La petite église de Ploumilliau, dans les Côtes- d’Armor, a été reconstruite
au tout début du XVIIe siècle. Elle est dédiée à saint Milliau, roi d’Armorique assassiné par son frère Rivod, et abrite la représentation la plus connue de l’Ankou. Il existait autrefois deux statues que l’on plaçait de part et d’autre du cercueil, durant les cérémonies d’enterrement. Mais elles terrifiaient tant les enfants de choeur que certains s’évanouissaient. On enleva l’une des figures qui disparut peu après tandis que l’autre restait exposée dans le sanctuaire. Mais certaines ouailles lui adressant des prières afin d’obtenir le trépas d’autrui, les prêtres, révoltés par ce genre de pratique, décidèrent d’ôter la statue. Depuis elle a retrouvé sa place.
Ossuaires et boîtes à crânes
L’Ankou est ici rituellement représenté sous la forme d’un squelette tenant une faux de la main droite et une pelle de la main gauche. Les habitants de la petite ville venaient autrefois nombreux lui porter des offrandes et le prier. Ils lui avaient même donné le surnom familier d’Erwannig Plouillio (c’est-à- dire le petit Yves de Ploumilliau), une façon de se glisser dans ses bonnes grâces et de le faire apparaître moins redoutable…
Les cimetières ont à présent déménagé à la périphérie des bourgs, mais la mort continue de fasciner les Bretons. À partir du XVe siècle, on construit des ossuaires pour recueillir les restes exhumés des tombes lorsque la place manque. Celui de Lanrivain (XVe siècle), dans les Côtes- d’Armor, figure parmi les derniers à conserver encore des reliques, avec celui de Trégornan- en- Glomel.

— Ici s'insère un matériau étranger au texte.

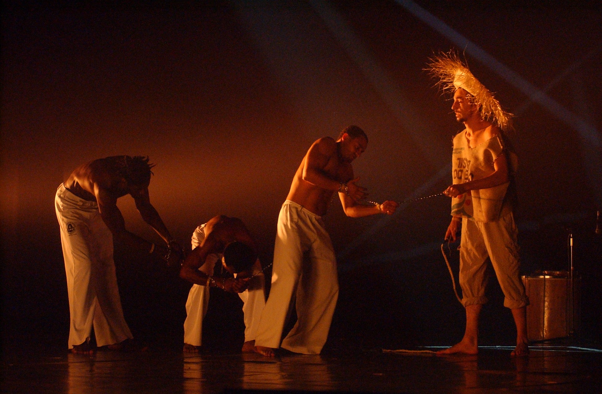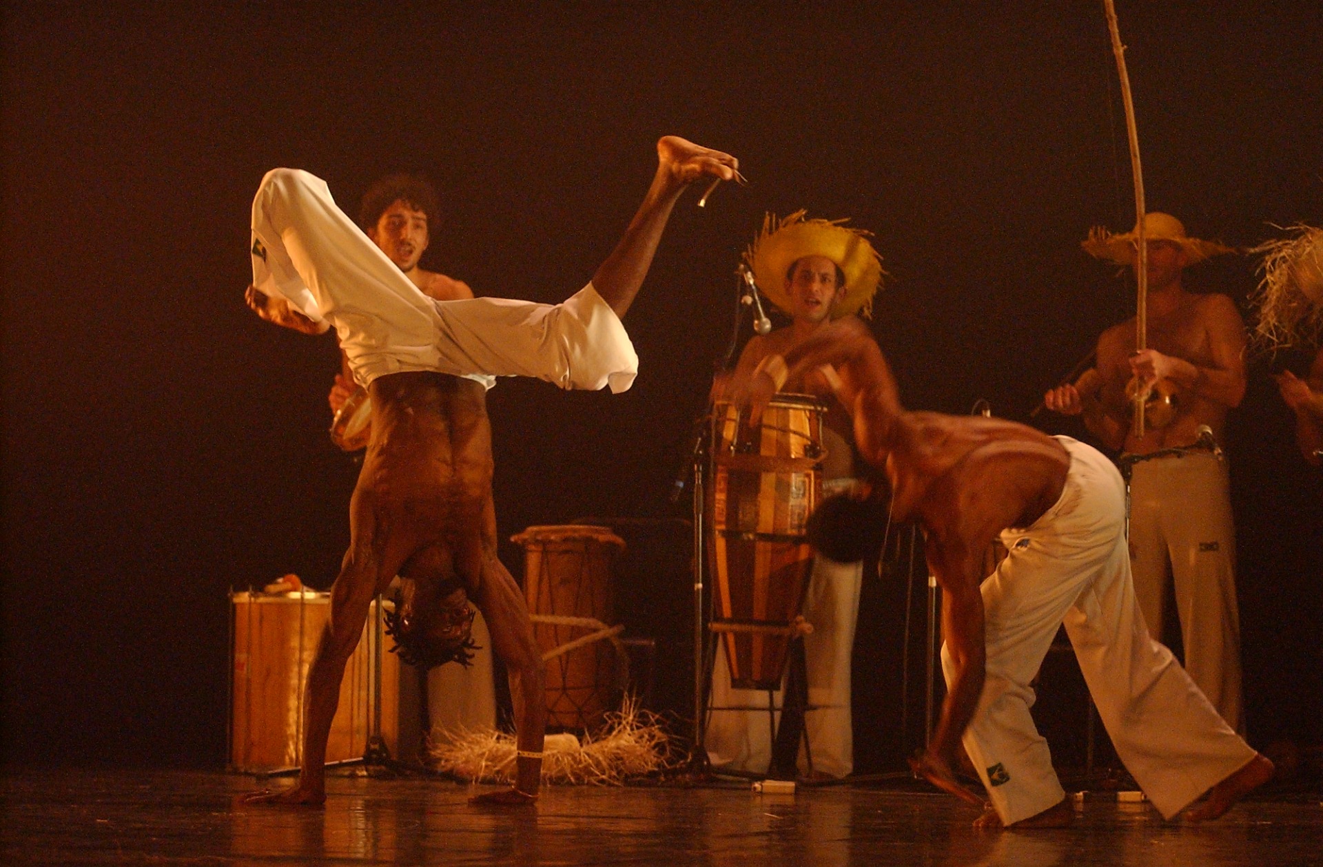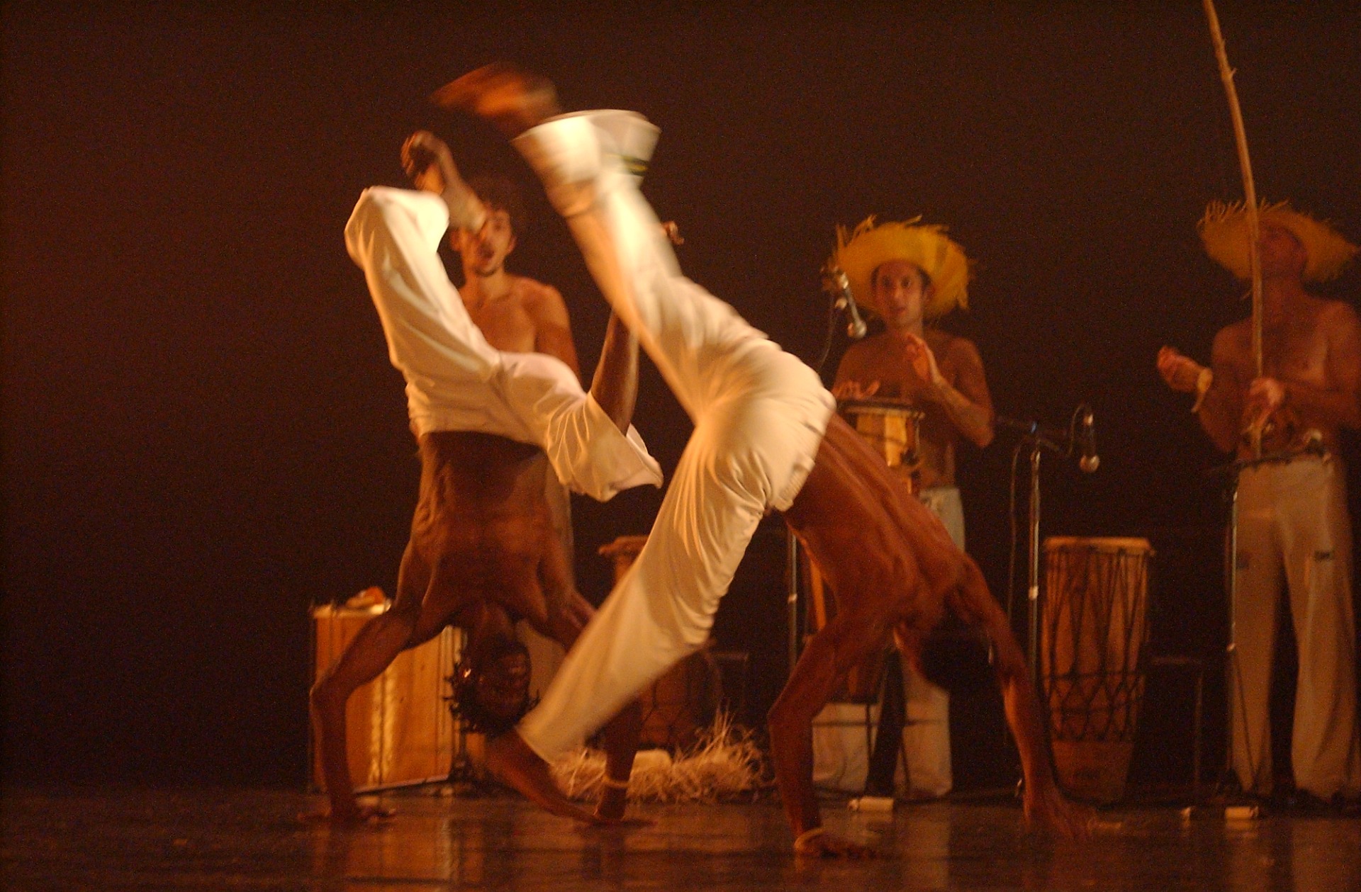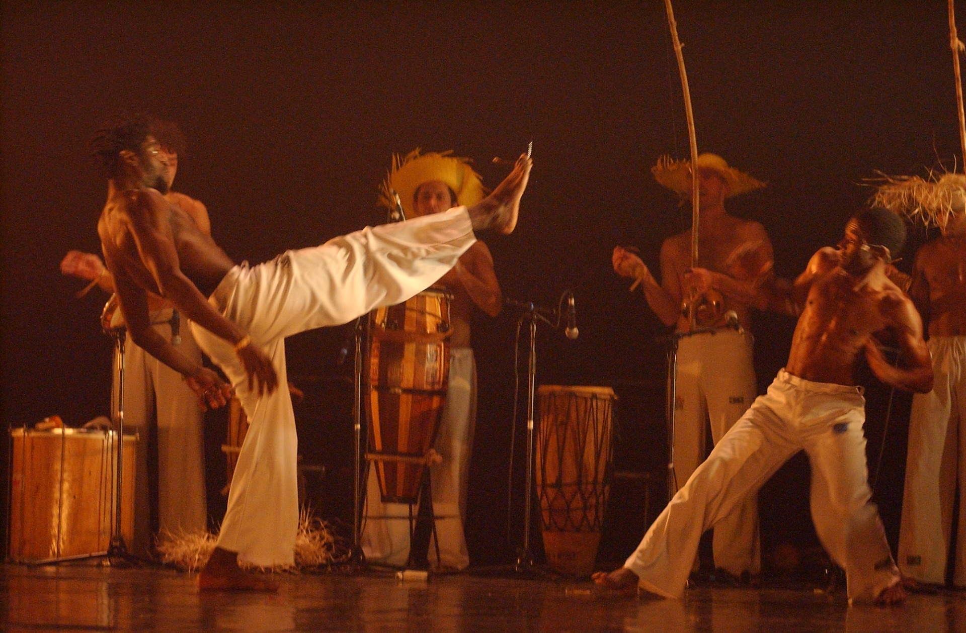 Bien avant l'apparition de la Capoeira au Brésil, en Afrique, plus précisément au sud de l'Angola au royaume Ndongo existait sa forme ancienne : la danse du N'golo, pratiquée par les indigènes. La lutte était réalisée sous forme de culte, en faisant des sauts et des jeux d'imitations d'animaux. Leurs corps souples favorisaient les danses guerrières. Dans la pratique, ces luttes symbolisaient la force et le pouvoir des guerriers. Considérés constamment comme des perturbateurs, ils se déplaçaient en bande. Les lieux de rencontres étaient les plages et les forêts. Benguela est une des villes côtières du littoral d'Angola où se vérifie l'apparition de cette lutte. Ses spécificités étaient la chute des adversaires avec des « rasteiras » ou « bassulas » (croche patte), elle était redoutée par les habitants. L'expansion des colonies en Amérique nécessitèrent une main d'œuvre importante pour les colons européens qui puisèrent dans leurs colonies africaines. C'est pour ce motif que l'esclavage noir fut pratiqué en masse à travers l'océan Atlantique. Les envahisseurs étant détenteurs du marché des esclaves, ils envoyèrent une nombre effarant de noirs en Amérique du sud et dans les Antilles, même aujourd'hui difficilement calculable. Le trafic humain entre le 15ème et 19ème siècle fut dù au profit des conflits consécutifs des guerres tribales africaines par les colons, empêchant les populations d'organiser une résistance efficace. Une population naïve quant aux prix des échanges commerciaux avec les européens favorisèrent la décadence du peuple noir. Hommes, femmes et enfants furent capturés, vendus, et embarqués de force. Une fois arrivés en Amérique, à savoir au Brésil, ils n'avaient pas de valeur humaine pour les propriétaires. Ils furent vendus et revendus comme de la marchandise, servant aux durs travaux forcés. Leur durée de vie était estimée entre 5 et 7 ans. Beaucoup d'entre eux ne survirent pas aux mauvais traitements de leurs maîtres. La culture noire ne fut pas transportée dans des livres, ou dans un quelconque matériel, mais dans le corps et dans l'âme. La Capoeira au Brésil a débutée par un type de danse ritualisée en lutte. A Baίa, aujourd'hui encore s'observe des restes de capoeiragem ancienne avec des croyances cérémoniales et des chants rituels. Ils existent beaucoup d'opinions par rapport à l'apparition de cette lutte, une des questions fondamentales est l'origine du nom, Capoeira, apparu pour la première fois dans les écrits historiques du brésil au 17ème siècle durant la guerre de Palmares. Les générations noires gâchèrent des vies entières à travailler dans les plantations. A cette époque existait un conflit entre portugais et hollandais pour la distribution des territoires, il y eut des invasions hollandaises sur tous les points clés. Les exploitations, les Senzalas et les prisons furent attaqués et pillés. La guerre eut des impacts désastreux (pour les portugais), des milliers d'esclaves noirs se rebellèrent, s'enfuirent dans la jungle et dans la forêt, créant des communautés, des Quilombos (maquis d'esclaves). Les rebelles étaient de résistants guerriers. Ils luttèrent pour la liberté, revendiquèrent l'égalité et leurs droits contre leurs seigneurs. Une fois que les invasions cessèrent, les Portugais envoyèrent des expéditions afin de détruire ces petites nations, et capturer les esclaves révoltés. A cette époque, on raconte qu'il existait des « chapons », hommes qui se cachaient dans la jungle, qui surgissaient pour attaquer, affrontant les « capitaine-des-buissons » qui avaient comme travail de capturer les esclaves fugitifs. La communauté la plus importante fut le Quilombo de Palmares, commandé par le roi Ganga Zumba puis par son neveux Zumbi. Les quilombos furent des lieux d'habitation, d'entrainements et d'enseignement contre l'esclavage. Les noirs possédaient de très bonnes connaissances guerrières et de la forêt. De génération en génération ils conservèrent et partagèrent leurs croyances et valeurs éthiques de culture africaine. Durant les conflits entre rebelles et seigneurs, certains noirs furent capturés, et ramenés aux Senzalas, prisonniers. Les otages capturés transportèrent le jeu de pieds, lutte guerrière. Les prisonniers se réunissaient alors en groupe fermé pour s'entrainer. Pour fuir le regard des surveillants et de leurs seigneurs, ils cachèrent l'apparence de la lutte derrière la danse et les rythmes musicaux. Fatigués par les dures journées de travail dans les plantations, et par la malnutrition, ils continuèrent malgré tout à s'entrainer. Leur énergie était alimentée par les chants, les lamentations et les cris. Les coutumes africaines et les prières aux divinités permettaient de s'exprimer, et de demander de l'aide à celles-ci pour leur dure vie de prisonniers. La Capoeira dans les Senzala survécu grâce à sa créativité, sa malice, et son envie de liberté. Après l'abolition de l'esclavage, la guerre du fameux Quilombo de Palmares et autres quilombos, le capoeiriste était un type de personne particulier. Il s'habillait de manière particulière (chapeau de côté et anneau d'or à l'oreille). Les capoeiristes étaient payés pour être des mercenaires pour des embuscades ou des assassinats. Il faut savoir qu'après l'abolition, les esclaves libres vivaient dans une grande misère. Plus tard, la lutte africaine se développa et rencontra dans le métissage des noirs, des indiens et des européens son parfait exécutant : maigre et musclé, plus petit que le noir et plus habile que le portugais. Se fut le « mulâtre » qui s'assimila à la lutte de la Capoeira, transformée en une notable lutte acrobatique. Au milieu du 19 siècle, la Capoeira vécu son apogée. Dans des villes comme Rio de Janeiro, Recife et Salvador de Baίa, existèrent des groupes ou bandes de Capoeira identifiées comme des crimin

Quand les ossuaires étaient pleins et qu’il était donc nécessaire de les vider, certaines paroisses autorisaient la famille du défunt à déposer leur crâne dans un petit reliquaire, la « boîte à crânes ». En forme de petite chapelle, souvent surmontée d’une petite croix, cette boîte pouvait être peinte ou dorée. Y étaient indiqués les dates de décès et le nom du mort. Ces boîtes étaient souvent exposées sur les rebords de l’ossuaire ou dans des niches aménagées dans le mur du cimetière.